McDaniel will over see an interim study beginning Tuesday to see if that 2,000 feet buffer should be cut in half.
“2,000 feet away, I think it helps. I don't think it protects them, I mean none of them's protected,” one Tulsa grandfather told FOX23.
But Representative McDaniel says there are problems with the way things are now.
“What we've found out is that there are very few places these people can live, which in turn then may group them all in one area.”
That's what's happened in Tulsa.
“I don't think it makes a huge difference, I mean you just want to keep them away and who's enforcing it,” Mom Janel Domenico said Friday.
Because it's so hard to find a place to live, many offenders break the law by not registering at all. A 16 year-old told FOX23 he does not want sex offenders close to his high school.
“I like the way things are now, I think we should just keep it like this,”
No decisions have been made and Tuesday’s discussion is just a first step, but McDaniel says safety has been and will always be priority number one.

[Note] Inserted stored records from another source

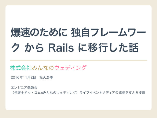 みんなのウェディングで使われている 独自フレームワーク MobaSiF から、Rubyn on Rails に移行した話です。
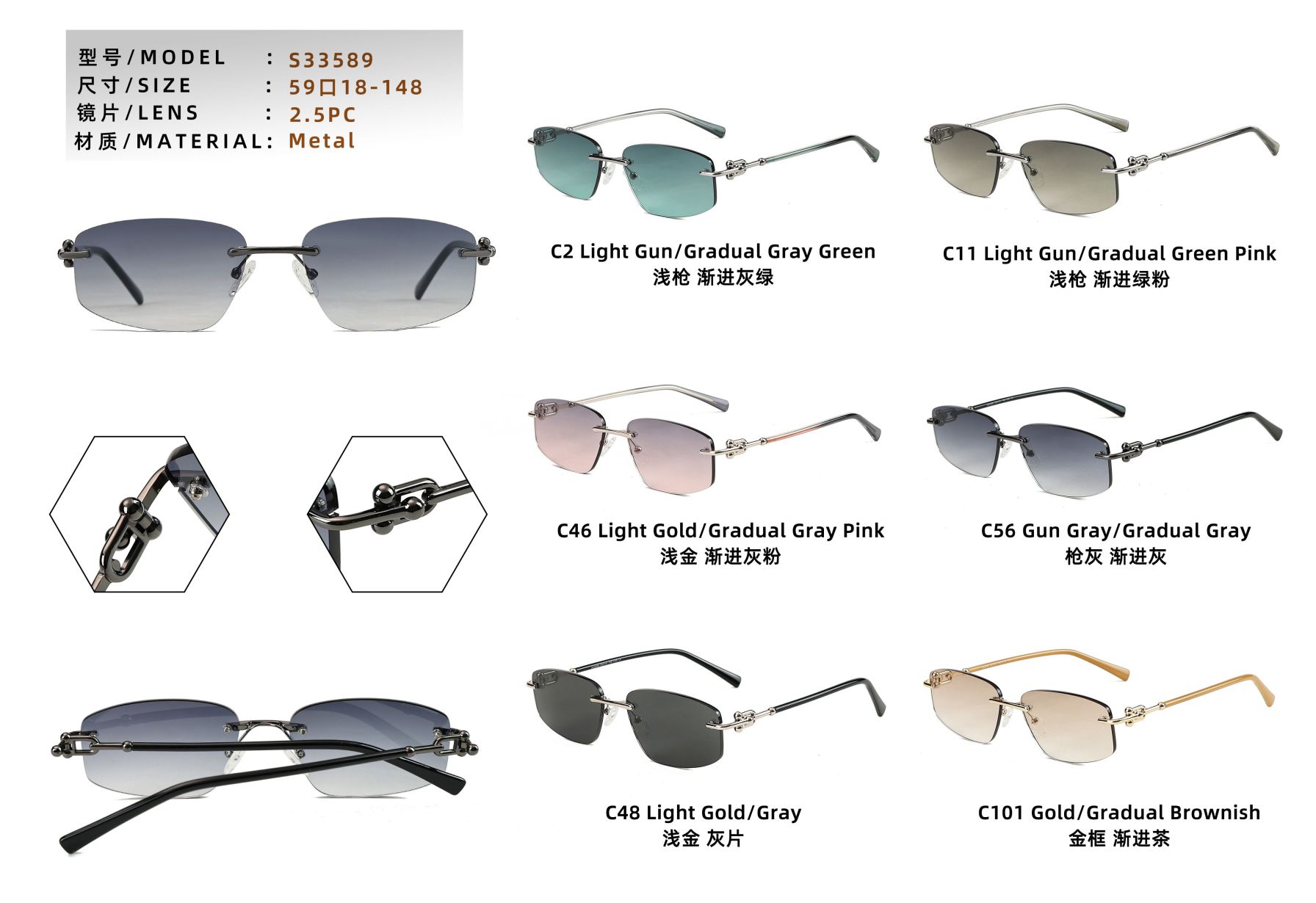 Rimless polarized metal sunglasses for men Leke S33589
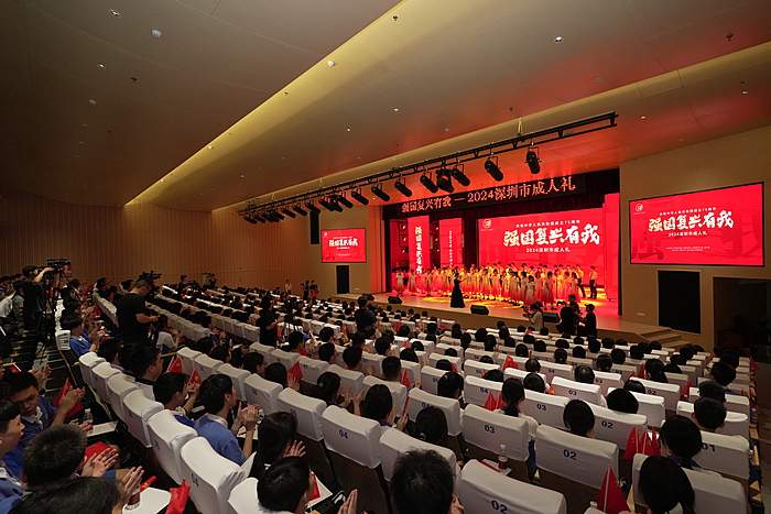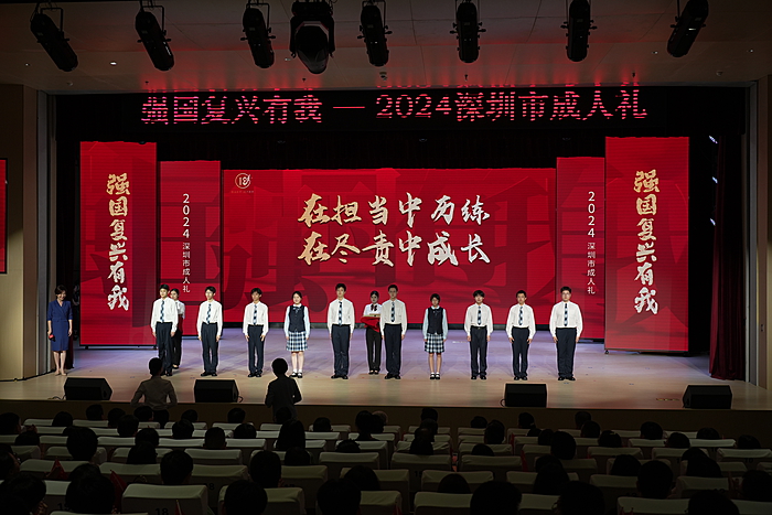 9月25日,由深圳市委宣传部、市委网信办、市委教育工委与团市委联合主办,深圳报业集团深圳晚报社、福田中学承办的2024深圳市成人礼在福田中学演艺中心举行。数百名深圳学子作为青年代表宣誓明志,在父母与师长的深情陪伴下,接受来自深圳全城和社会各界的诚挚祝福。
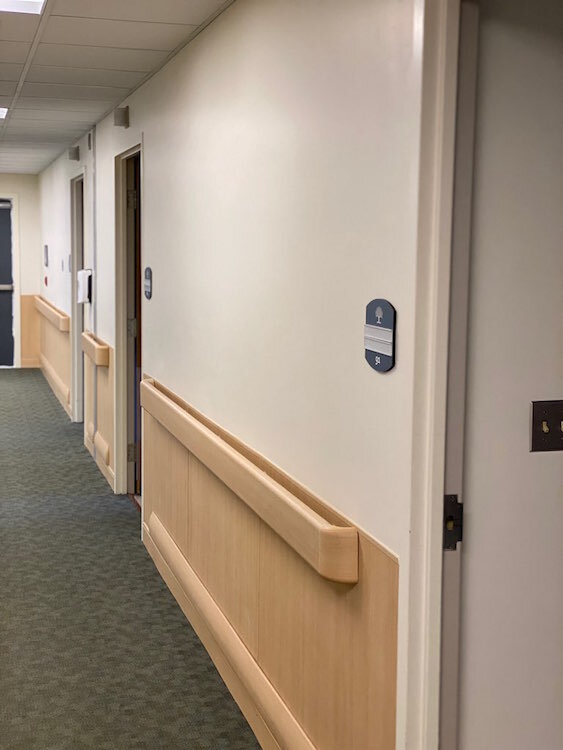 Among other things the isolation center has been designed to isolate the flow of air into and out of the unit and to channel how people move through the unit. It is a conversion of part of the community’s Harold & Grace Upjohn Care & Rehabilitation Center. It has nine rooms that will each be used initially as private rooms. Each room can accommodate two people, however, and may be used that way if the need arises, Prince says.
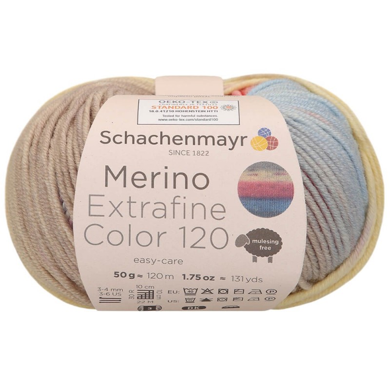 Schachenmayr Merino Extrafine Color 120 es una lana jaspeada diseñada por Arne & Carlos que ofrece preciosas combinaciones de colores que forman tejidos rayados con efectos muy originales.

“The goal is we need to be able to track (sex offenders), to be in dialogue with them, to make sure that they get the services they need if that's going to mean a safer community for all of us.”
The Tulsa Police Department is also voicing some support for this proposal. One sergeant in the exploitation department will speak at Tuesday’s meeting in Oklahoma City. The whole process to get the law changed could take more than a year.
“We'd have to introduce legislation, get it through a committee, get it through the house, through a senate committee, through the senate, to the governor; at the earliest anything could happen is next November first,” McDaniel said.